Master held me, and he was so sad, so much sadder than he had ever been. I tried to clean the salt off his face but it just kept coming. Then there was a sting, and I fell asleep.
I live in a Palace now. I have my own Room. It smells good and I am strong enough to run, and I remember all my Tricks. Master is nearby, always, though I do not see him. I know he keeps me here. He keeps other things, too. Facts and Numbers and Tricks and things I don't understand.
(Deep down, far far below me, he keeps a Man who smells like Fear and Blood.)
He doesn't visit me often. But I'm never sad. I know we will see each other. He comes to me when he is hurt, and sometimes when he sleeps, and I am always here.
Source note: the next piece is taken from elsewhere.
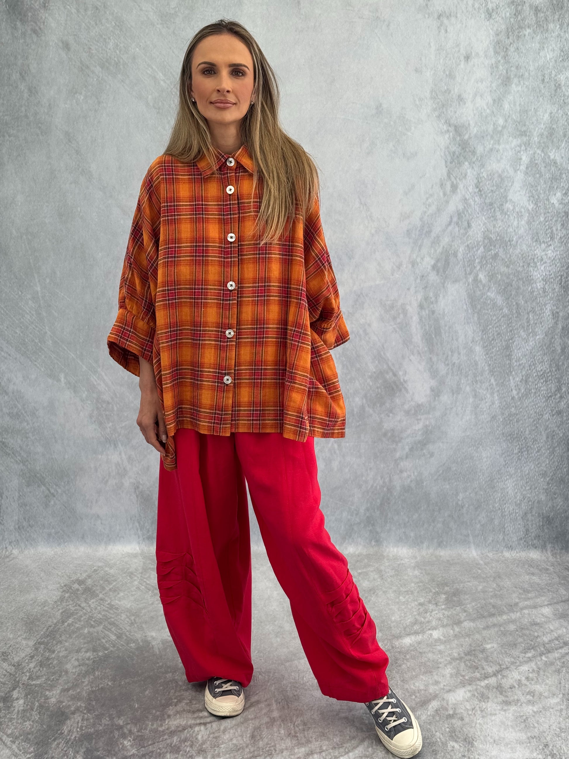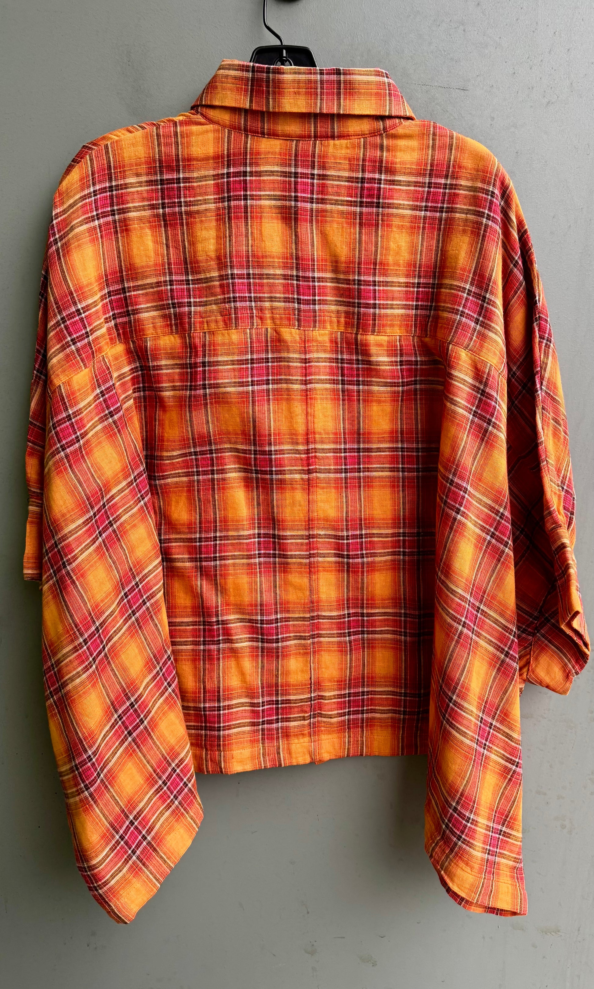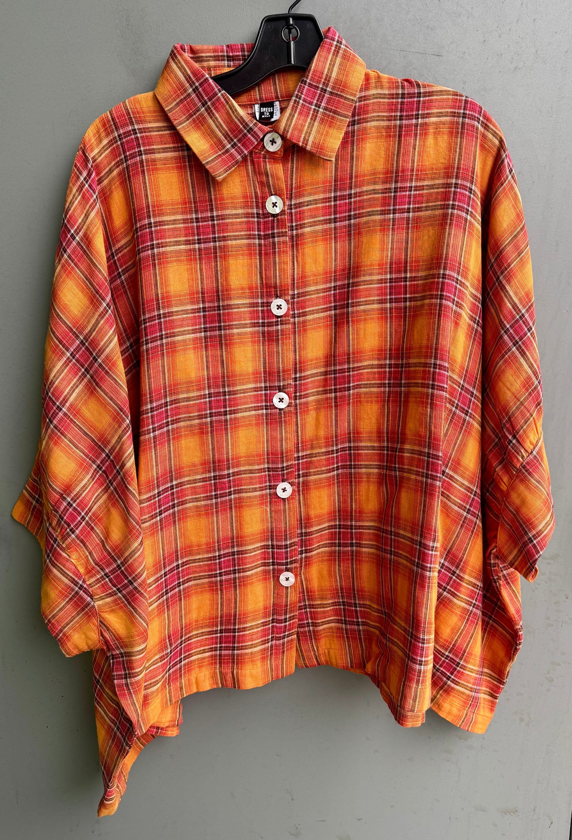 Orange fuchsia plaid, cotton gauze, one size, machine wash and dry

I will never leave him. This is the first Duty of all Dogs, which we are born knowing and which we hold most dear even when our Bodies are only Bones. We cannot talk to our Humans, but the Clever ones will figure it out, and though Master is very busy he is very, very Clever. He will figure it out.
A Good Dog does not die.
A Good Dog Stays.

Nice! And damn it, this is going to make ME cry :#
Thank you, Redbeard. You're a good boy.
[But Sherlock's voice is soft. Redbeard deserves better than to face Moriarty. Sherlock doesn't say that, because he also knows that Redbeard loves to protect him and feel useful.]
[Sherlock's thoughts become scattered like wisps of smoke as he drifts to sleep.]